Parse filters are run on a single document during parsing and indexing filters
when a document is about to be sent to Solr. It's best to have parse logic in
parse filters and index (or other) logic in the indexing filters.
On Friday 27 April 2012 16:19:43 Jim Chandler wrote:
> Hi Lewis,
>
> The idea is to move some of the processing from indexing to parsing, hoping
> to limit the latency on Solr.
>
> I've looked at the wiki, and it may be me, I am having a difficult time
> understanding the process as a whole. I am very unfamiliar with crawling,
> parsing and indexing.

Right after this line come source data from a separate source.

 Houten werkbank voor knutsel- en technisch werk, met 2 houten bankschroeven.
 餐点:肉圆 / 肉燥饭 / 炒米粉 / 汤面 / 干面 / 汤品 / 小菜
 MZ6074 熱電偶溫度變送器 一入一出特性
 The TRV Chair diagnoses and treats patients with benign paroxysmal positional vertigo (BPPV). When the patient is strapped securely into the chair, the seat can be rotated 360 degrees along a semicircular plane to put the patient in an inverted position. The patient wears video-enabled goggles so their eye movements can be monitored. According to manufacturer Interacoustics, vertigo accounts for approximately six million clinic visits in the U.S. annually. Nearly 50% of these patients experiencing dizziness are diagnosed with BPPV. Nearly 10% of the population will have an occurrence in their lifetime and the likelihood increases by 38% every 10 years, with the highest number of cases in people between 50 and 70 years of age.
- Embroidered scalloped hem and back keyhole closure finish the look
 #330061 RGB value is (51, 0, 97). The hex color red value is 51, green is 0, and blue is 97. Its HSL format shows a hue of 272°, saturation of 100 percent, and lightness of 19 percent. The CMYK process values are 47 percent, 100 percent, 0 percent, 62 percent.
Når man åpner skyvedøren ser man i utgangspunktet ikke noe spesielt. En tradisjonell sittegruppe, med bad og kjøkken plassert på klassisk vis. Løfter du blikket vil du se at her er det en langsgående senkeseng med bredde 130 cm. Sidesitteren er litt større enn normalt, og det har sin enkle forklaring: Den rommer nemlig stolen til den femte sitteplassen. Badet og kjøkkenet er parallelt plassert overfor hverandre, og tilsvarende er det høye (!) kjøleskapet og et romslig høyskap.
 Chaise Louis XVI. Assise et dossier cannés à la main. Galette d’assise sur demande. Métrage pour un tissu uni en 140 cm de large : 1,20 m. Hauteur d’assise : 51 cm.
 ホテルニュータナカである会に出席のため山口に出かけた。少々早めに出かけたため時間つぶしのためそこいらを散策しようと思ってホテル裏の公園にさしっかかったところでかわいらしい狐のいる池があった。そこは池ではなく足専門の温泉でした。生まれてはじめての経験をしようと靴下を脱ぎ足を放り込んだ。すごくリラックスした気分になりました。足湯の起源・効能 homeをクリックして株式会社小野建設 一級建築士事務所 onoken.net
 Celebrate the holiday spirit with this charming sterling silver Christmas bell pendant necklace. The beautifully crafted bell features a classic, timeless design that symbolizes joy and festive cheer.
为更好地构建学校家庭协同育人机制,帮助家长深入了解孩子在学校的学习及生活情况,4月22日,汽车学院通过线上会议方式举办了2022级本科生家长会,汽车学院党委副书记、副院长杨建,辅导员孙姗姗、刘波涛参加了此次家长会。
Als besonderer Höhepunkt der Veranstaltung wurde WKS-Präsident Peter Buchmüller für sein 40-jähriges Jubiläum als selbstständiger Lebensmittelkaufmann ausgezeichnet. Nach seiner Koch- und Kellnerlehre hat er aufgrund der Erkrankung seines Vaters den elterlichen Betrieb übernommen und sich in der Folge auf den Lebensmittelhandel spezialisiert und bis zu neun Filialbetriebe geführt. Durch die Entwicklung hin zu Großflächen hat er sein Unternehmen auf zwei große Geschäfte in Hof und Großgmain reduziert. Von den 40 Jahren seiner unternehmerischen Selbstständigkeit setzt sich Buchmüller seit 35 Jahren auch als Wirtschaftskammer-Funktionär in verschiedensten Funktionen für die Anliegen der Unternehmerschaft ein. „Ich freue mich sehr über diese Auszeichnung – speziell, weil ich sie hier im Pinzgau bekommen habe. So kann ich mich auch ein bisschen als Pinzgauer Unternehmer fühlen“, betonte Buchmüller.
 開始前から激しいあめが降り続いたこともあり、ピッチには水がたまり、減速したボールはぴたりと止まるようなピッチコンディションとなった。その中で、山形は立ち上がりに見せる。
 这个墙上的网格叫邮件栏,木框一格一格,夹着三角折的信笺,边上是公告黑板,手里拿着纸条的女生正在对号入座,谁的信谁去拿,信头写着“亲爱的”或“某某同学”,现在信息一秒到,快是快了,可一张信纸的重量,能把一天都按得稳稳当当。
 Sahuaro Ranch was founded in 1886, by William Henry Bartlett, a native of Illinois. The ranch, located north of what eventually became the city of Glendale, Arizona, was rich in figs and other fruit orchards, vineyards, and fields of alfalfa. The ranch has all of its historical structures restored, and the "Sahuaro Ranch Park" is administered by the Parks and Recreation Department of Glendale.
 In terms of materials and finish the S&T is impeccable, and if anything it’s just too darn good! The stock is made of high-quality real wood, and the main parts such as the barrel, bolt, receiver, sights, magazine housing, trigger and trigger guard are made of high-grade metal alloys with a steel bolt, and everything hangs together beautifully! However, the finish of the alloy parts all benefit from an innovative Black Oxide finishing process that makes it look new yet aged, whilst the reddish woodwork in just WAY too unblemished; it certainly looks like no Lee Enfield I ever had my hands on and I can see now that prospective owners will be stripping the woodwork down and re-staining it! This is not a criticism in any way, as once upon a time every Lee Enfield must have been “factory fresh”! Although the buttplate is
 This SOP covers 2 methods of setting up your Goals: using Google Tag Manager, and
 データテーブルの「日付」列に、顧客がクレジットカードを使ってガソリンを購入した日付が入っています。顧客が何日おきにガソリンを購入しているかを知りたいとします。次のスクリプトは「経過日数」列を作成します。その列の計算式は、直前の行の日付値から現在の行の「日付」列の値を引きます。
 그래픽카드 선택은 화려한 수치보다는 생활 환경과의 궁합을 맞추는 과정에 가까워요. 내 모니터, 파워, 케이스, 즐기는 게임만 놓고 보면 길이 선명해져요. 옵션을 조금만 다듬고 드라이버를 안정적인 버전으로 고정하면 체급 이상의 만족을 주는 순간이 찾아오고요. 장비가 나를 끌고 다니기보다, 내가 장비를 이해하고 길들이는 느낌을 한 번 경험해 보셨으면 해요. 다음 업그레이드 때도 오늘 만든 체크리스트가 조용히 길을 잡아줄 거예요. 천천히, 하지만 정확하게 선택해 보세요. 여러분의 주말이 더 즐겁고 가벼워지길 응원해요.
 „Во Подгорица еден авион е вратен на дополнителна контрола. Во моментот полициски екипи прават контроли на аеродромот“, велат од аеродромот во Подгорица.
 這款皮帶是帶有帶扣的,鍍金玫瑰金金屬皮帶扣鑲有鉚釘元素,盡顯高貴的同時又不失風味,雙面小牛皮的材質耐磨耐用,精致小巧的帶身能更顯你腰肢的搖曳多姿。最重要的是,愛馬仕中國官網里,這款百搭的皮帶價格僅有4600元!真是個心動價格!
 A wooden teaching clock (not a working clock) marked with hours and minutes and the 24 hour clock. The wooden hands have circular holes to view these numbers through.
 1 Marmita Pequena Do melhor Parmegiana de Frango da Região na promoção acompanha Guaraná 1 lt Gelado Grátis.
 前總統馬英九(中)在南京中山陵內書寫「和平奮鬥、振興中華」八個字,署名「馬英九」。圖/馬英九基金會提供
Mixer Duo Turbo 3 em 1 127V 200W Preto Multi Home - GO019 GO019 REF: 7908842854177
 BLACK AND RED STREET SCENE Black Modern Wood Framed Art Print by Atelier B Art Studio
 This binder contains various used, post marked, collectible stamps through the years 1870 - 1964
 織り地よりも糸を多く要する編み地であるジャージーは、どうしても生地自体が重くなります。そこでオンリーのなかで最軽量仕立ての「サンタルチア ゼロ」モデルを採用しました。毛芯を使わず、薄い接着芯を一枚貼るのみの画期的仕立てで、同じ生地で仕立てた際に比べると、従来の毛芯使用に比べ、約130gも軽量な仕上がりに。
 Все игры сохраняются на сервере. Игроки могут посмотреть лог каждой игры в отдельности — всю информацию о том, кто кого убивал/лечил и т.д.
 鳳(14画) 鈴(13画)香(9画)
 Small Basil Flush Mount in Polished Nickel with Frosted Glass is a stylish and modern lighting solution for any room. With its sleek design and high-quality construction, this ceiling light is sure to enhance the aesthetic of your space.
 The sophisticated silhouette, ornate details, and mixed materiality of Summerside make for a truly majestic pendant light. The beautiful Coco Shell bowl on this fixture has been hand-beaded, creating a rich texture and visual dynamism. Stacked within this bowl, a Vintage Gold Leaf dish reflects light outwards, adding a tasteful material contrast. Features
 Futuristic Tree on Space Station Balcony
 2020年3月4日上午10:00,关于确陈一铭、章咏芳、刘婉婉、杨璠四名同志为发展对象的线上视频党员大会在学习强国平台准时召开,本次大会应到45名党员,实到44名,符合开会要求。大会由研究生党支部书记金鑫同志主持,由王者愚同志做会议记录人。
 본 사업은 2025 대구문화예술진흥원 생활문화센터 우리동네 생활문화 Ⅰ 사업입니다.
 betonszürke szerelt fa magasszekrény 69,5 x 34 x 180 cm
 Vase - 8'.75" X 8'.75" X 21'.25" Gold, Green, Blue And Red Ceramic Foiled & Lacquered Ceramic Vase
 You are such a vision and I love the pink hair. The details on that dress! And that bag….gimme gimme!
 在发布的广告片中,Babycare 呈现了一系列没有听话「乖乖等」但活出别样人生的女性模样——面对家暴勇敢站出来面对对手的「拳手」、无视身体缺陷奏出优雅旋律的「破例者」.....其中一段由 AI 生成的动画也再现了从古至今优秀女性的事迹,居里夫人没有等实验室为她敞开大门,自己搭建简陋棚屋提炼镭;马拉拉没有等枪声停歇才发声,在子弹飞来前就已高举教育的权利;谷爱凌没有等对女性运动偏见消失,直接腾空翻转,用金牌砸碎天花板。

I'm just trying to understand how everything works
> together and at which point the plugins are run.
>
> Thanks,
> Jim
>
> On Thu, Apr 26, 2012 at 4:49 PM, Lewis John Mcgibbney <
>
> [EMAIL PROTECTED]> wrote:
> > Hi Jim,
> >
> > On Thu, Apr 26, 2012 at 2:23 PM, Jim Chandler <[EMAIL PROTECTED]>
> >
> > wrote:
> > > I am in the
> > > process of trying to change a plugin from an IndexingFilter to a
> > > Parser.
> >
> > Personally I wouldn't do this, I would pick up an existing parser and
> > edit it into another parser! Do you have any specific reasons for
> > doing this the other way around?
> >
> > > am having difficultying understanding where in the nutch process each
> > > one of these is run.
> >
> > Well the parser is run once you have fetched your pages and you wish
> > to extract content from them.
> > The indexingfilter is used when you wish to send things to be indexed
> > in some sort of custom manner.
> >
> > > Does anyone have any recommendations of sites or books that would be
> > >
> > > helpful?
> >
> > What I think your speaking about is getting up to speed with plugins;
> > how they are used, what they comprise of, and how they can be built to
> > solve your domain specific problems.
> >
> > Check out our wiki, it's the best source of Nutch info on the web...
> >
> >
http://wiki.apache.org/nutch/> >
http://wiki.apache.org/nutch/PluginCentral> >
> > hth
> >
> > Lewis
> >
> >
> >
> > --
> > Lewis
--
Markus Jelsma - CTO - Openindex